Les autres femmes rirent aux larmes.

— Et ton mari ne sait rien de ton passé ? Rien de ce que l’homme t’a fait et de ce qu’il a infligé à ta mère ? demanda Clodia.

— Rien. Je ne le lui ai jamais dit et je pense que je ne le ferai jamais. Je l’ai raconté à ma fille parce que j’ai pensé qu’elle devait connaître la destinée de sa grand-mère. Et maintenant, je te l’ai raconté.

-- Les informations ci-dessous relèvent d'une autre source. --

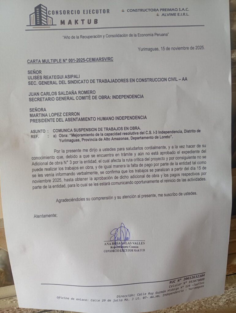 La paralización de importantes obras públicas en la provincia de Alto Amazonas vuelve a encender las alertas en el sector construcción y entre la ciudadanía. El Consorcio encargado de ejecutar el Centro de Salud Independencia, en Yurimaguas, informó la suspensión total de los trabajos desde el 15 de noviembre, afectando directamente el avance de un proyecto considerado prioritario para la zona.
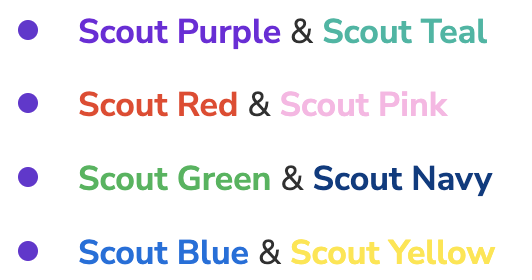 Nová vylepšená paleta britských skautských farieb ponúka osem základných farieb doplnených o čiernu a bielu. Takto široká farebná paleta dáva celkovej komunikácii potrebnú flexibilitu.

J’étais épouvanté, sidéré, abasourdi. Pas seulement par ce que Bethesda avait narré, ni par le fait qu’elle me l’avait caché, mais aussi par l’inexplicable intimité qui régnait entre ces femmes dans mon jardin. Quelle étrange alchimie avait permis qu’elles se livrent ainsi l’une à l’autre ? Où étaient passées les frontières qui auraient dû séparer l’ancienne esclave de la patricienne ? Le sol parut trembler sous mes pieds, comme tremblaient mes doigts lorsque je remis à sa place le lierre et repartis silencieusement vers ma bibliothèque.